Description Jan Kara 2019-03-21 10:23:32 UTC
Created attachment 281943 [details]
Kernel messages from hung kernel

Systemd testsuite deadlocks when running with recent 4.4-stable kernels (note the original report is actually for our distribution (SLES15) 4.12-based kernel but the commit present also in 4.4-stable tree has been identified as the culprit.
Comment 1 Jan Kara 2019-03-21 10:24:21 UTC
Looking at the backtraces I can see:

systemd-udevd
__mutex_lock.isra.5+0x178/0x4a0
lo_release+0x44/0xa0 [loop]
__blkdev_put+0x19d/0x1f0
blkdev_close+0x21/0x30
__fput+0xd2/0x210

-> so it holds bdev->bd_mutex, loop_index_mutex, waits for loop_ctl_mutex.

losetup
__mutex_lock.isra.5+0x178/0x4a0
blkdev_reread_part+0x16/0x30
loop_reread_partitions+0x23/0x50 [loop]
loop_set_status+0x4c8/0x530 [loop]
loop_set_status64+0x40/0x70 [loop]
lo_ioctl+0xfb/0x6f0 [loop]
blkdev_ioctl+0x847/0x940
block_ioctl+0x39/0x40
do_vfs_ioctl+0x90/0x5f0

-> so it holds loop_ctl_mutex and waits for bdev->bd_mutex.
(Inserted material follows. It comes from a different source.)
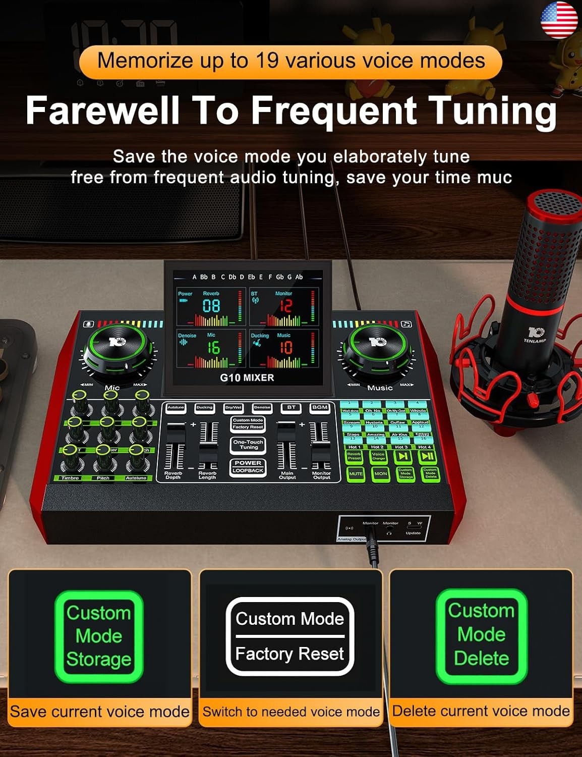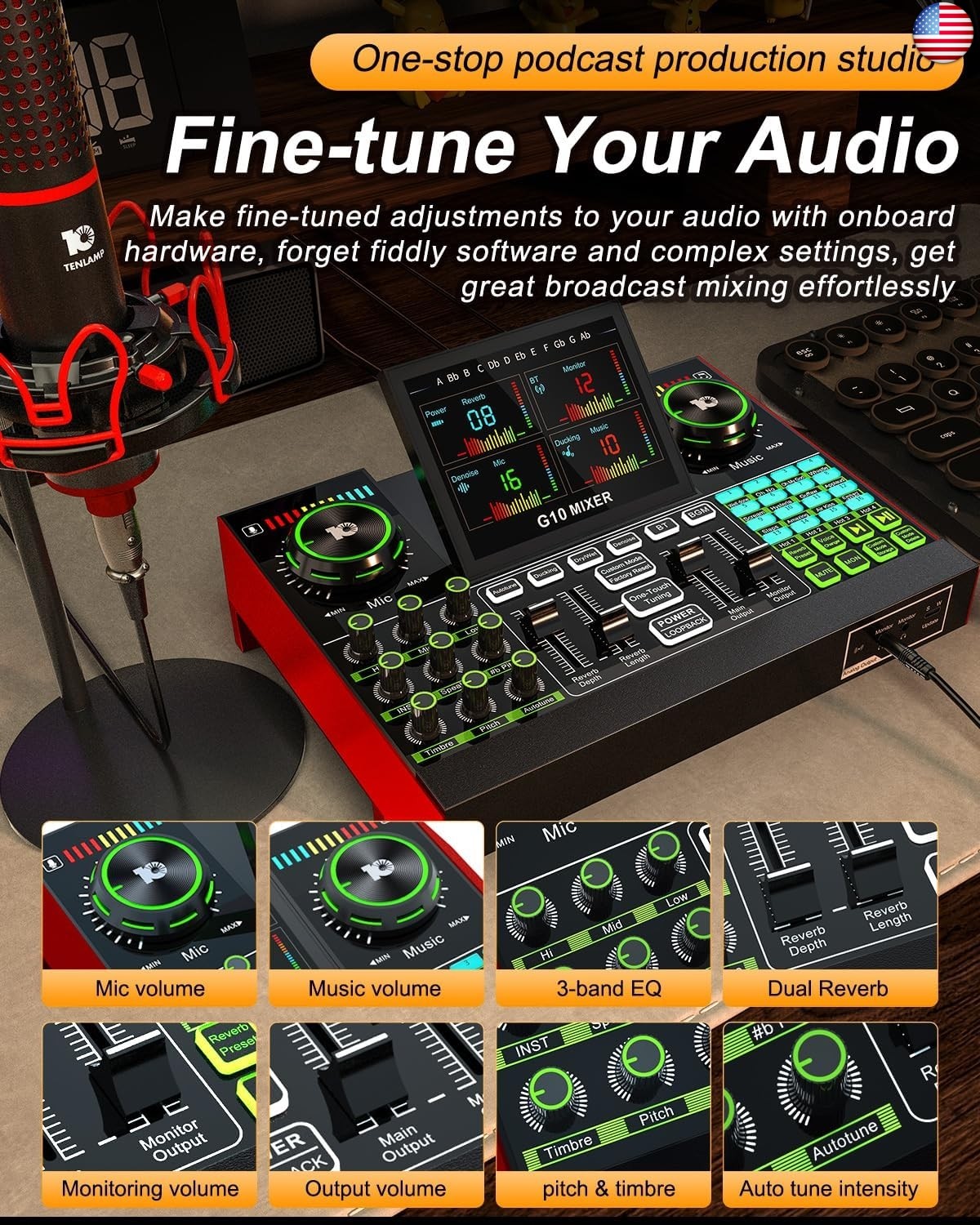 Ideal for podcast recording, streaming, voice-over, and content creation. G10 DJ Audio Mixer ?. About this item. It can save your different voice modes, no need to set the sound again. A total of 19 voice modes can be saved for different needs.
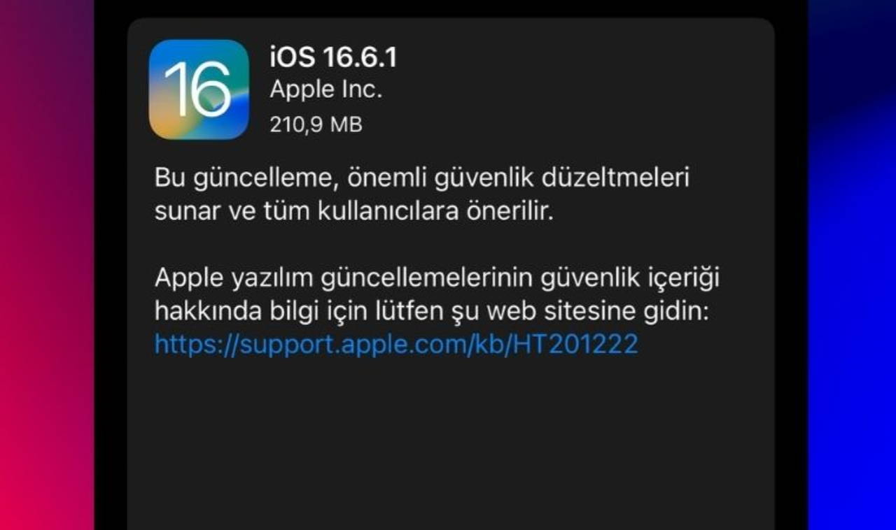Apple, iOS 17'yi tanıtmaya hazırlanıyor. Birkaç gün içinde tanıtılacak olan yeni iPhone'lar ve iOS 17 öncesinde iOS 16.6.1 sunuldu. iPhone sahipleri için 'bu güncelleme önemli güvenlik düzeltmeleri sunuyor ve bütün kullanıcılara indirilmesi' öneriliyor.

So a classical ABBA deadlock. And actually a one that is there for a long time and that got fixed upstream by a rather intrusive locking rework for loop device.

Is this reproducible or a one-time occurrence?

I'm asking because I think that commit 8f611d6dde in our tree (block/loop: Use global lock for ioctl() operation (bsc#1124974)) could make the long-present deadlock easier to hit because loop_ctl_mutex got converted from a per-device one to a global one.
Comment 2 Jan Kara 2019-03-21 10:25:19 UTC
Answer wrt reproducibility:

@Jan Kara .. is reproduced every run of systemd_testuite in openQA with kernel update candidate.